Python: can I safely unpickle untrusted data?

Question

The pickle module documentation says right at the beginning:

Warning: The pickle module is not intended to be secure against erron

Answer 1

This idea has been discussed also on the mailing list python-ideas when addressing the problem of adding a safe pickle alternative in the standard library. For example here:

To make it safer I would have a restricted unpickler as the default (for load/loads) and force people to override it if they want to loosen restrictions. To be really explicit, I would make load/loads only work with built-in types.

And also here:

I've always wanted a version of pickle.loads() that takes a list of classes that are allowed to be instantiated.

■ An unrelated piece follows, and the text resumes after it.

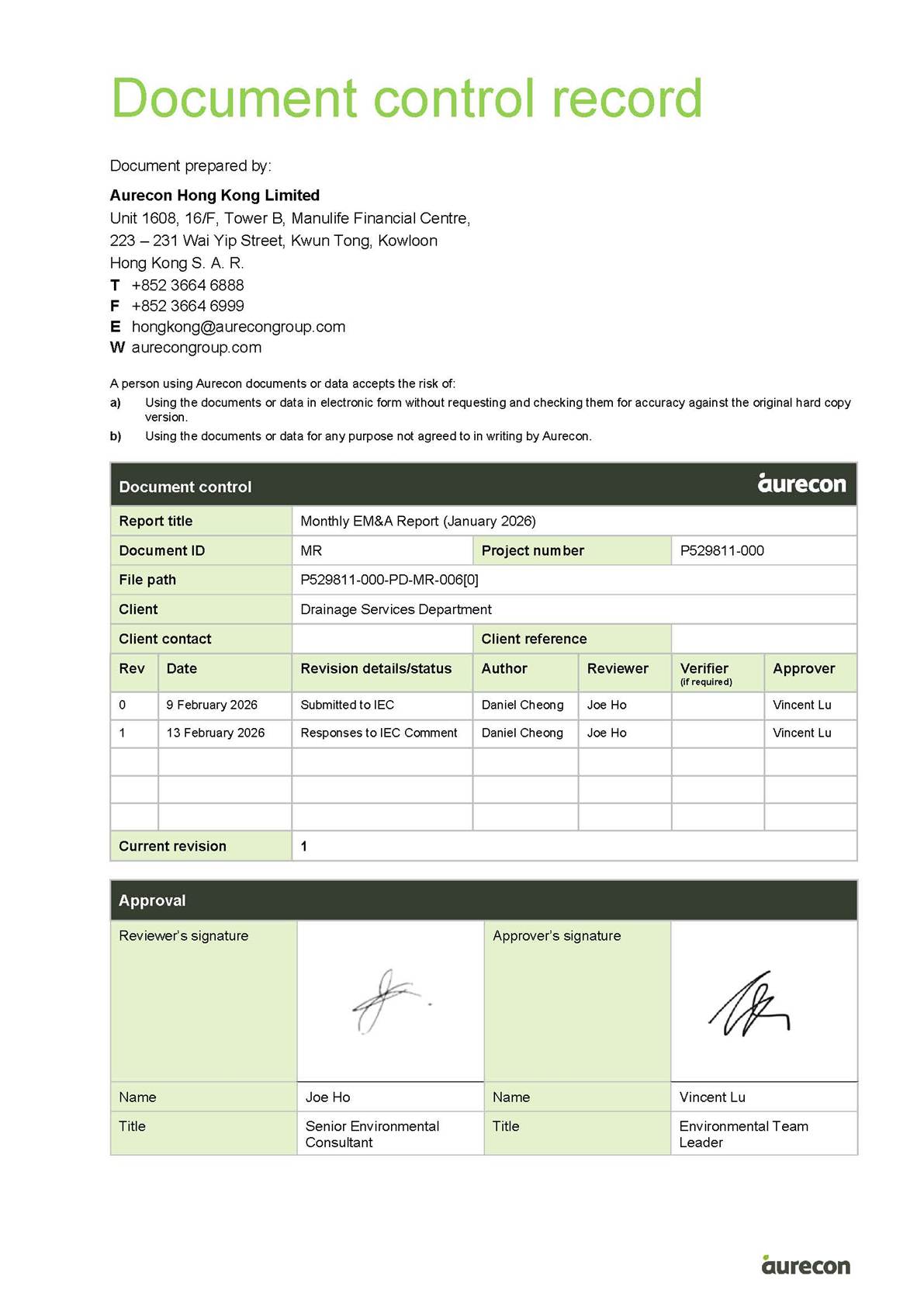 Table 1 Contact Information of Key Personnel

Is the following enough for you: http://docs.python.org/3.4/library/pickle.html#restricting-globals ?

Indeed, it is. Thanks for pointing it out! I've never gotten past the module interface part of the docs. Maybe the warning at the top of the page could also mention that there are ways to mitigate the safety concerns, and point to #restricting-globals?

Yes, that would be a good idea :-)

So I don't know why the documentation has not been changed but according to me, using a RestrictedUnpickler to restrict the types that can be unpickled is a safe solution. Of course there could exist bugs in the library that compromise the system, but there could be a bug also in OpenSSL that show random memory data to everyone who asks.